(WORK INSTRUCTIONS):
Write the entries below out again exactly, but skip the pictures.

(DATA SUPPLIED):
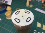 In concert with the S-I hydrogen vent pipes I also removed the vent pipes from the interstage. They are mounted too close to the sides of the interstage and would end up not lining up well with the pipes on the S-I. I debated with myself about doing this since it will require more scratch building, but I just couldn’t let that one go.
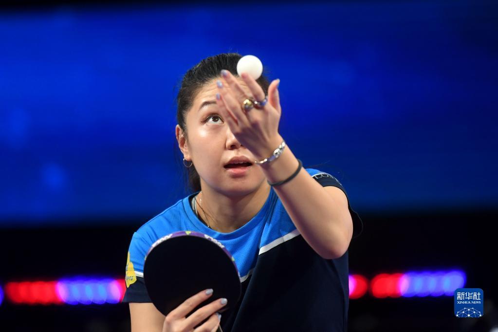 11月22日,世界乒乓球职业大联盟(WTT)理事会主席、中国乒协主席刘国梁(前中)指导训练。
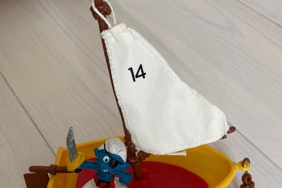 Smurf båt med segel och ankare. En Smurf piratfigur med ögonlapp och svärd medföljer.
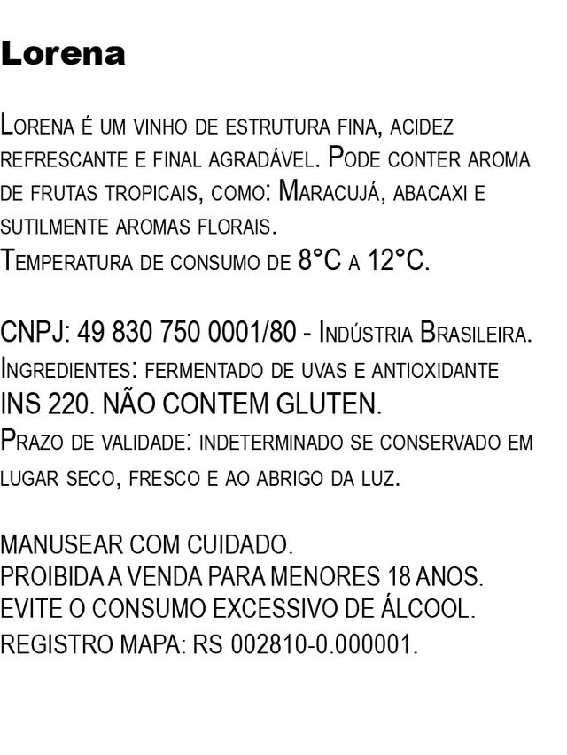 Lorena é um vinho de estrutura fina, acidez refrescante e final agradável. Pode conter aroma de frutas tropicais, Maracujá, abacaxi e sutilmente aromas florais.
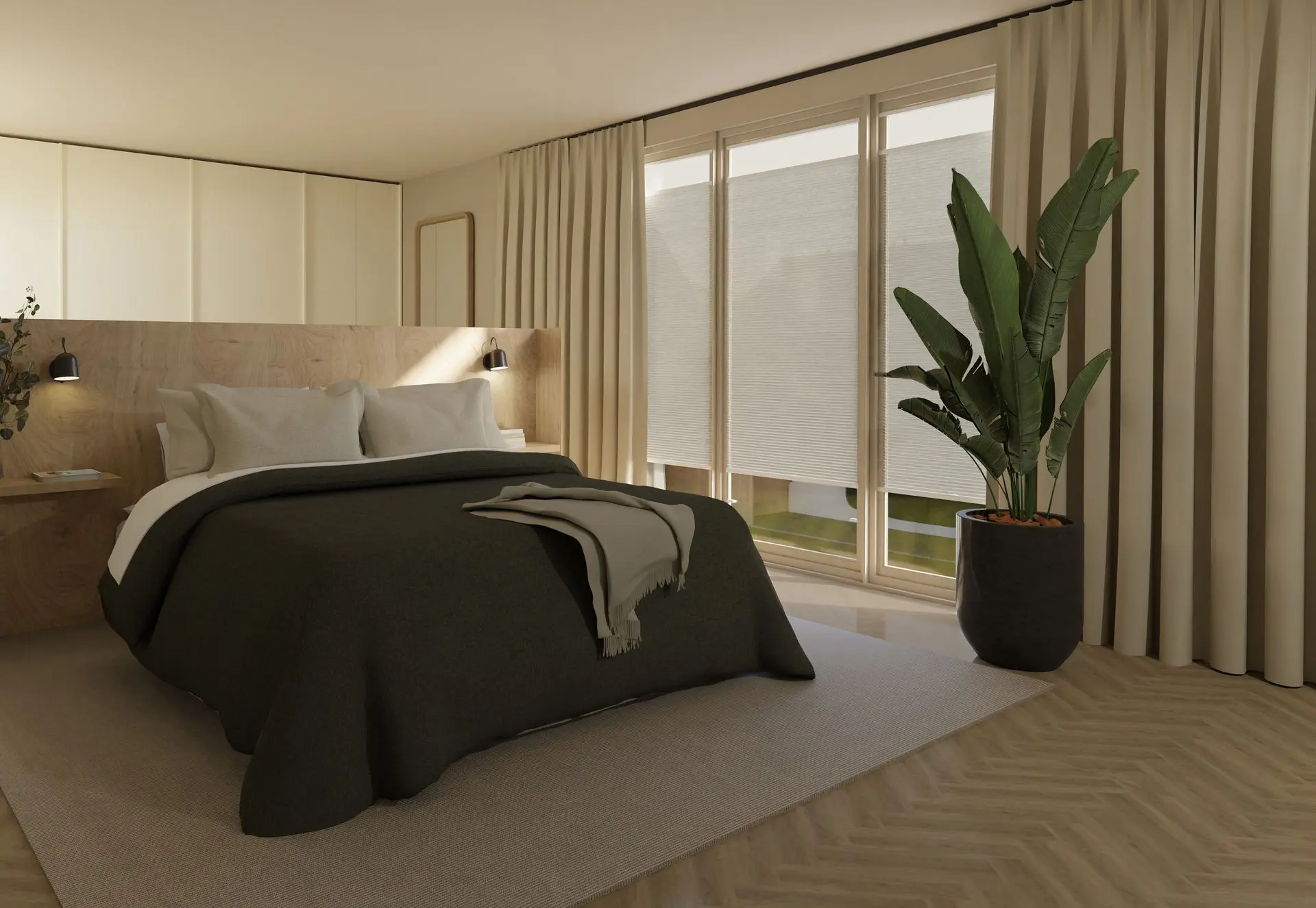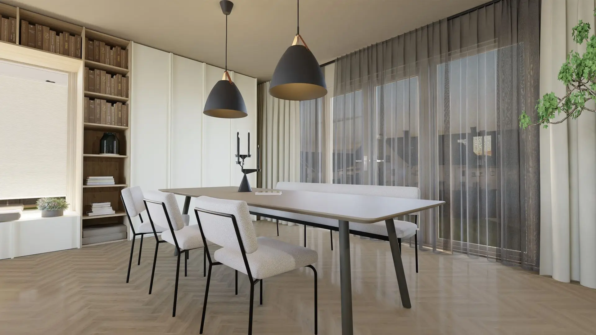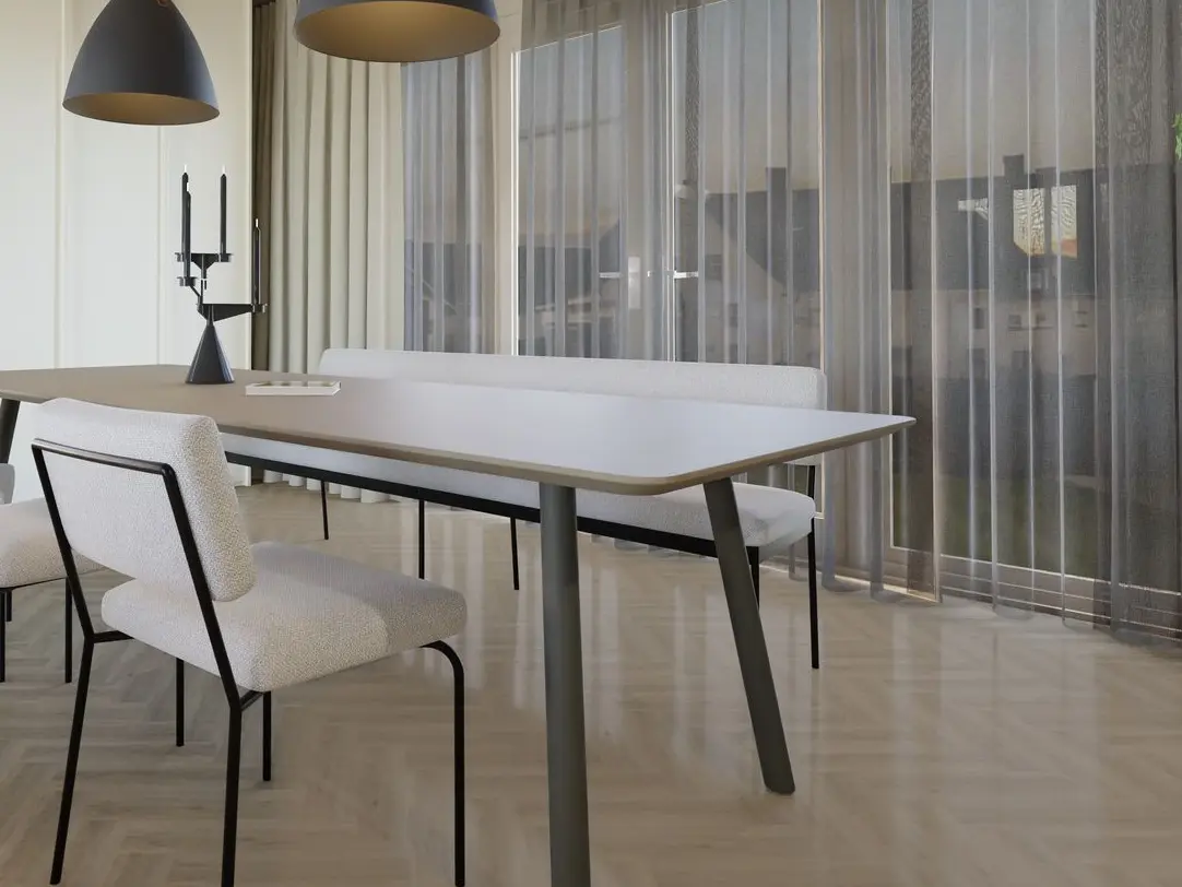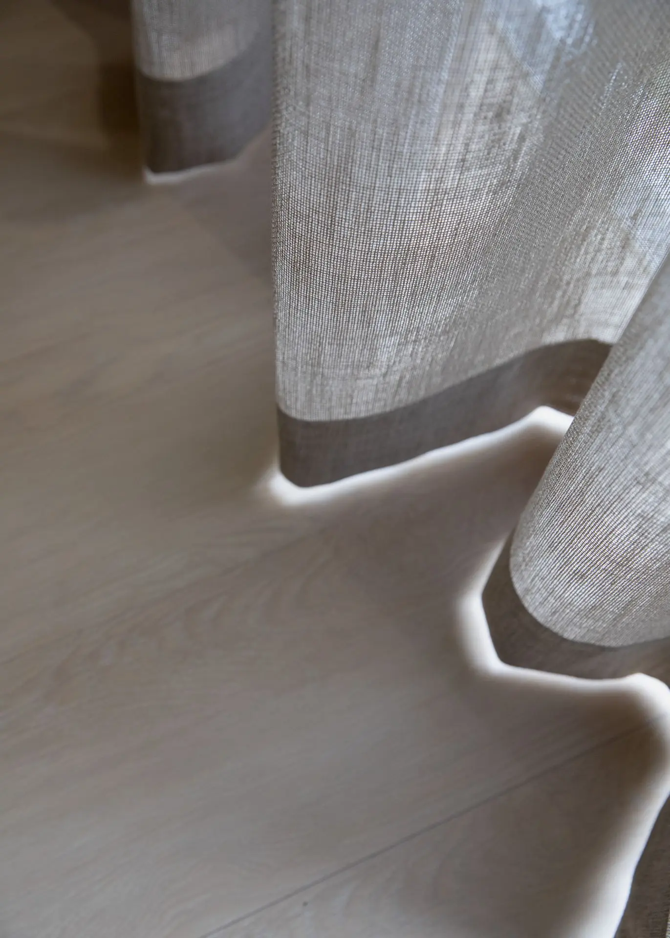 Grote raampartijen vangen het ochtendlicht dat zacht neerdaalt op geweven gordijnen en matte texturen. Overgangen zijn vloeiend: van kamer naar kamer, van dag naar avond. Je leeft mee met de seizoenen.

(THE ANSWER):
 In concert with the S-I hydrogen vent pipes I also removed the vent pipes from the interstage. They are mounted too close to the sides of the interstage and would end up not lining up well with the pipes on the S-I. I debated with myself about doing this since it will require more scratch building, but I just couldn’t let that one go.
 11月22日,世界乒乓球职业大联盟(WTT)理事会主席、中国乒协主席刘国梁(前中)指导训练。
 Smurf båt med segel och ankare. En Smurf piratfigur med ögonlapp och svärd medföljer.
 Lorena é um vinho de estrutura fina, acidez refrescante e final agradável. Pode conter aroma de frutas tropicais, Maracujá, abacaxi e sutilmente aromas florais.
 Grote raampartijen vangen het ochtendlicht dat zacht neerdaalt op geweven gordijnen en matte texturen. Overgangen zijn vloeiend: van kamer naar kamer, van dag naar avond. Je leeft mee met de seizoenen.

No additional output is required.